/zivwi

Drive slow, homie.

Primary LanguageGo

zivwi

Drive slow, homie.

This repository contains a payment handling backend system prototype built in Go. Using NSQ, it asynchronously processes transactions.

Context

STACK: Echo + NSQ + Postgres

As stated above, this prototype has one goal: to allow transfers between accounts and the retrieval of their balances. To accomplish that, the following data model has been proposed:

  • User: email, password, first and last name. Many accounts.
  • Account: it just has a balance (expressed in cents) which can't go below zero.
  • Transfer: it stores the amount (expressed in cents), the source account and the destination account, as well as its status and timestamps (created, updated). Additionally, it counts with two optional fields: transaction concept and one to log error messages in case that the transaction can't be fulfilled.

Once presented the data model, let dive deep on the fundamentals and foundations of this solution.

First of all, while coding this prototype, my technical inspiration was highly driven by two design patterns: Event Sourcing and CQRS, which are often related one to another. In the proposed solution, these patterns have been superficially implemented. For instance, the app logs events in the flavor of "Transfers". Then, the internal services calculate in a background process (a primitive version of a CQRS Saga, having the account balances calculated on the existing Transfer records stored in the database.

By being inspired by these patterns and embracing eventual consistency, I've created a system that dodges race-conditions.

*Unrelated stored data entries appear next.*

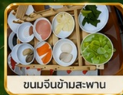
ขนมจีนซำมสะพาน
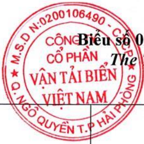
Biểu số 02: Danh sách người nội bộ và người có liên quan của người nội bộ của VOSCO The Table 02: The list of internal persons and affiliated persons of the Company
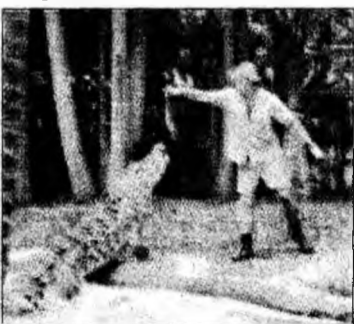
Hrănind crocodilul

El și-a întâlnit soția de origine americană, Terri, la
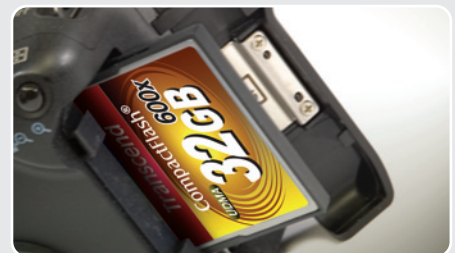
Extra-langlebiger Connector für häufiges Einlegen/Entfernen der Karte
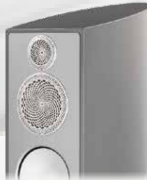
Sonic Metallic Silber
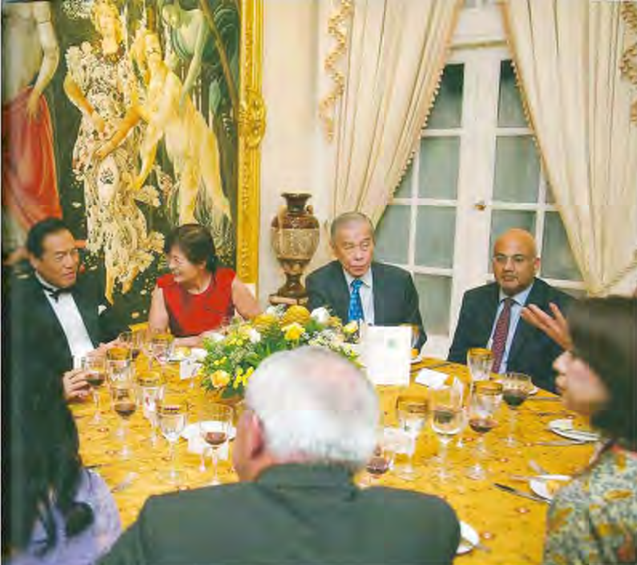
言葉とワイン、芸術—— 見ることの多い話題にワインもずかずか
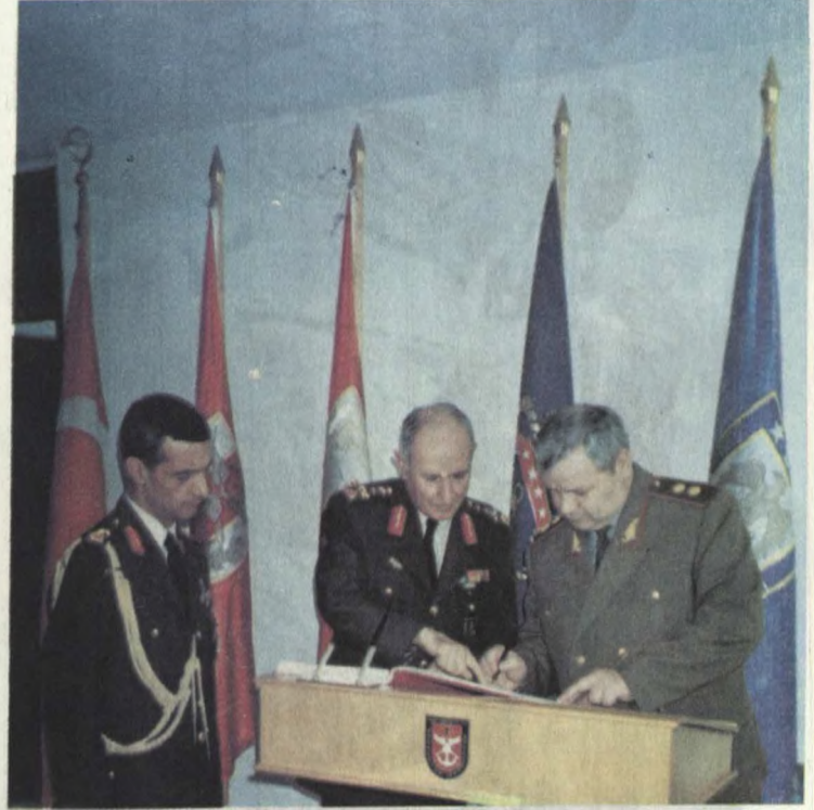
Əsgərlik Komandanlığı ilə görüş.
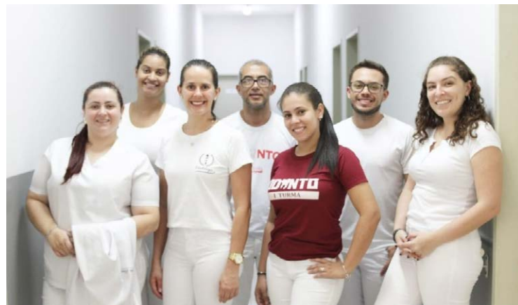
Voluntários da Combate ao Câncer Bucal, realizada em Jataí, na última sexta-feira, 27/10

ao sol sem proteção representa risco para o câncer de lábios; já os trabalhadores da agricultura e criação de animais, indústria têxtil, de couro, metalúrgica, borracha, construção civil, oficina mecânica, fundição, mineração de carvão, assim como profissionais cabeleireiros, carpinteiros, encanadores, instala-
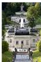
Lin.I,Nordfassade, Kaskade d.Nordhanges bis Terrassengärten, DI005883, RSV
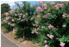
農地縁辺部への農景観植物の植栽(金沢区)

農景観を良好に維持する取組の支援 まとまりのある農地を保全し良好な農景観を維持する団体の活動を支援
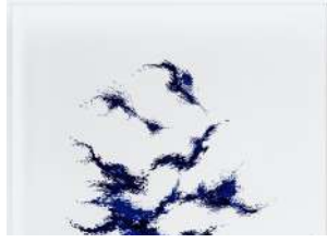
Gökyüzü Notları 6, 2022 Kağıt üzerine mürekkep, 72x52 cm
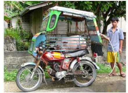
Pig in a Tricab
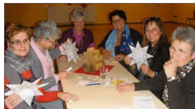
50 Frauen der Pfarrei St. Nikolaus verbrachten einen Abend der Begegnung zum Thema „Sternstunden“, um sich so auf die Adventszeit vorzubereiten. Sie dachten über persönliche Sternstunden nach und bastelten für zu Hause Sterne.
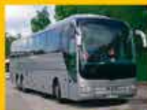
kierowców przewożących osoby
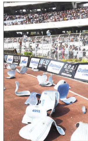
■ যুবভারতীর ভাঙচুরের ছবি।

মেসি-ইভেন্টের উদ্যোক্তার এক ঘনিষ্ঠ ক্লাব কর্তা বললেন,
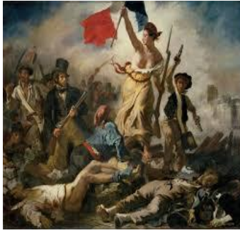
La Libertad Guiando al Pueblo de Delacroix.
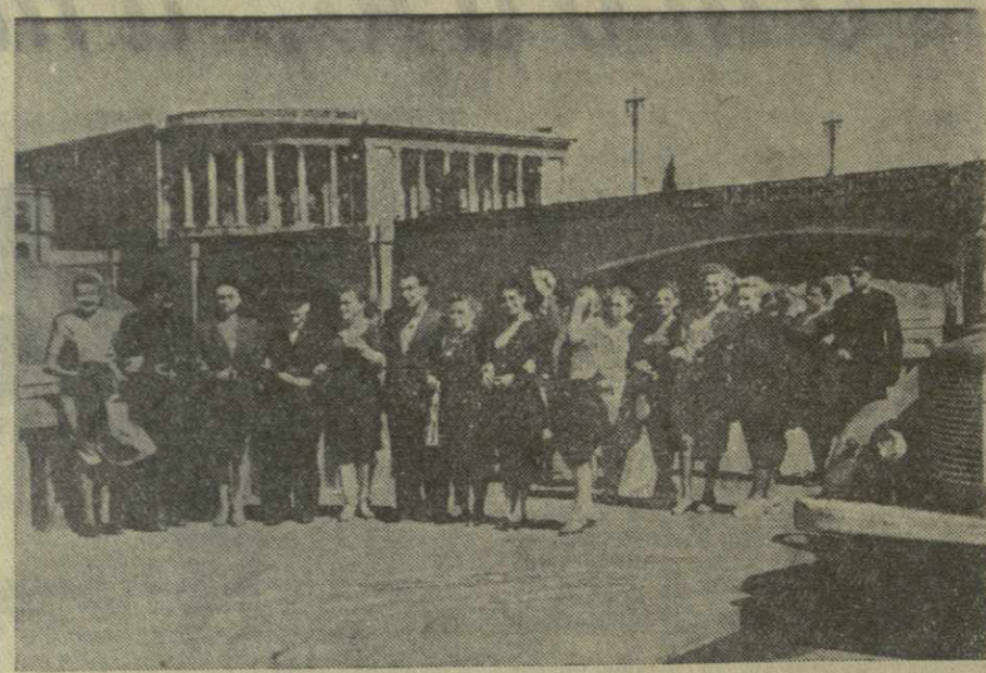
Туристский сезон в разгаре. Ежедневно в Тбилиси из различных городов и сел нашей страны приезжают туристы, совершающие во время своего отпуска увлекательные путешествия по Советскому Союзу. В Тбилиси туристы знакомятся с историческими местами города, его достопримечательностями, новостройками, посещают музеи, парки, стадионы. Гости Тбилиси встречают тбилисских гостей. К услугам приезжих — благоустроенная туристская база, обслуживаемая опытными экскурсоводами и культурными работниками. На снимке: группа туристов на набережной Кур.
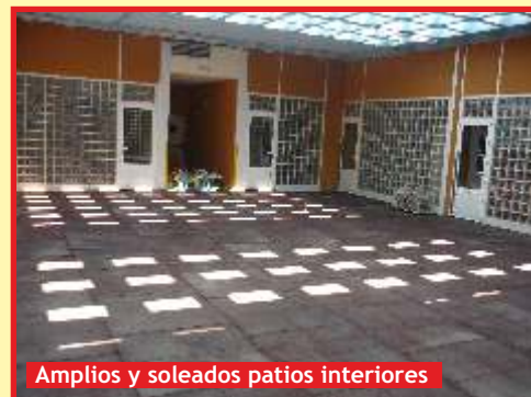
Amplios y soleados patios interiores
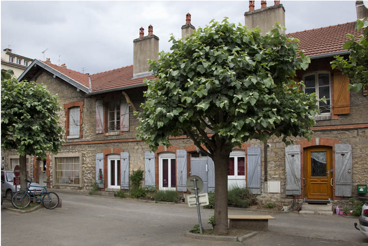
Atelier en pierre au n° 14B : façade antérieure, de trois quarts droite.
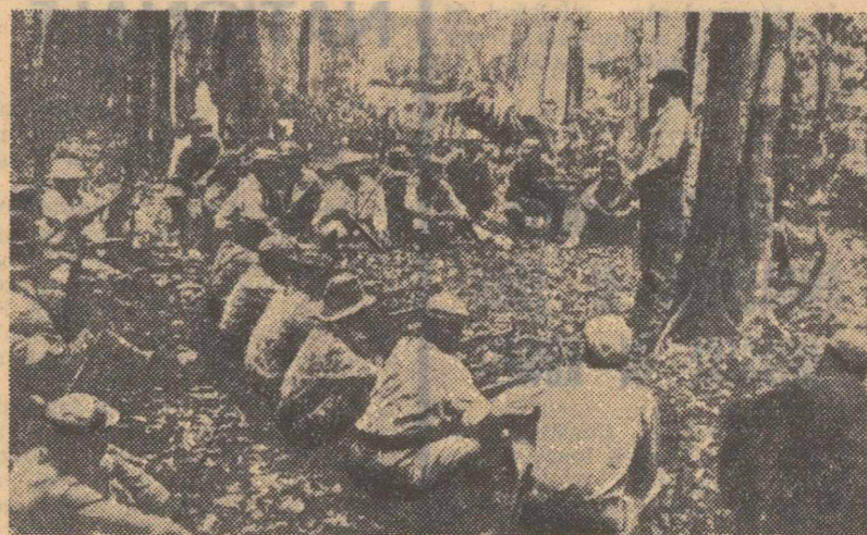
În Angoia mișcarea de eliberare națională continuă să dea lovitură colonialiștilor portughezi. În fotografie: aspect din timpul unei ore de instrucție a patrioților angolezi

It also eases out audition efforts and reduces response times, among other goodies.

In another line of decisions, I have used relational schema black arts to accomplish my goals, rather than keeping a pristine schema that does a better job on maintaining the referential integrity across tables. For instance, I decided that the "users" table would hold an array of account identifiers, allowing for faster logins by querying just once the database (without joining tables).

Setup

These are the following steps to get up and running. Before following these instructions, make sure that the ports 3000, 4150, 4151, 4160, 4161 and 4171 are not in usage.

  1. clone this repo somewhere in your $GOPATH.
  2. Move into the projects directory.
  3. docker-compose up

Usage

PROTIP: If you're a user of Paw, I left a Paw project in the repository for trying out the API.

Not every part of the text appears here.